> **How to complete this task**: Return, word for word, the lines of the listing below from the one with "6月5日,中国国际大学生创新" through the one with "Each bedroom comes", and no other lines.

> **Data to process**:
· · · ·

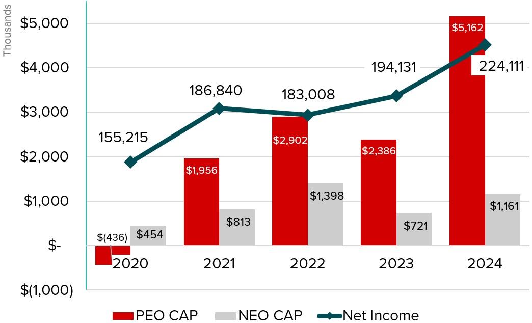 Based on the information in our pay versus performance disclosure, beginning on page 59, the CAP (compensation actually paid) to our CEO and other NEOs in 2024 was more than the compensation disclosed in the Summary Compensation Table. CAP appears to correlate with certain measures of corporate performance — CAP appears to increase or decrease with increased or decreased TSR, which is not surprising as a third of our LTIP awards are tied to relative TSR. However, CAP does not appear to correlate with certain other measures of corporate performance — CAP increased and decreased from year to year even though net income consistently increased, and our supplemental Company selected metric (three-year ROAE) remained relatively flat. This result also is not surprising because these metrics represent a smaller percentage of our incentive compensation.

· · · ·

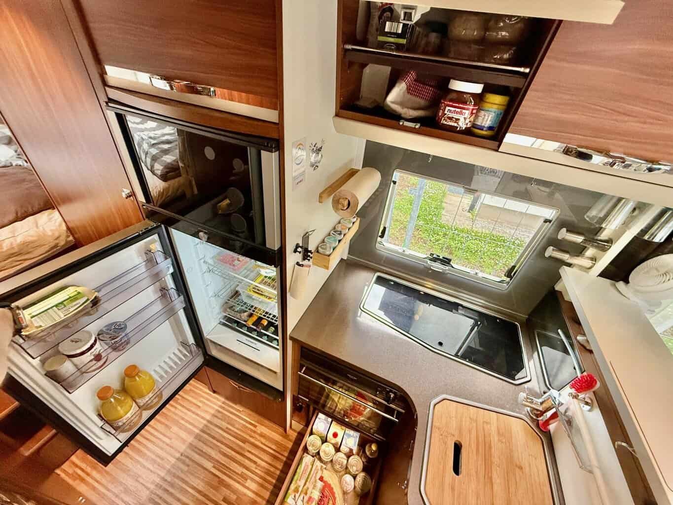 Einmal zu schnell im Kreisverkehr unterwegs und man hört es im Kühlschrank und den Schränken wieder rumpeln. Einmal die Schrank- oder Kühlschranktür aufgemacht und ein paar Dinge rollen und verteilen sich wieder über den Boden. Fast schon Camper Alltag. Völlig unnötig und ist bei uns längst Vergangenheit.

· · · ·

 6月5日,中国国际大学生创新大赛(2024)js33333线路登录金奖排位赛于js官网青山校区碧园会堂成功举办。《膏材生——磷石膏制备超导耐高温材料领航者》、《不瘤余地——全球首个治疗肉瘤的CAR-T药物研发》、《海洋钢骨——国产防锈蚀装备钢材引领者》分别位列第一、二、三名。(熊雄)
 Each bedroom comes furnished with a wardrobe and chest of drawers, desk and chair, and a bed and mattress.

· · · ·

> **Task response**:
 6月5日,中国国际大学生创新大赛(2024)js33333线路登录金奖排位赛于js官网青山校区碧园会堂成功举办。《膏材生——磷石膏制备超导耐高温材料领航者》、《不瘤余地——全球首个治疗肉瘤的CAR-T药物研发》、《海洋钢骨——国产防锈蚀装备钢材引领者》分别位列第一、二、三名。(熊雄)
 Each bedroom comes furnished with a wardrobe and chest of drawers, desk and chair, and a bed and mattress.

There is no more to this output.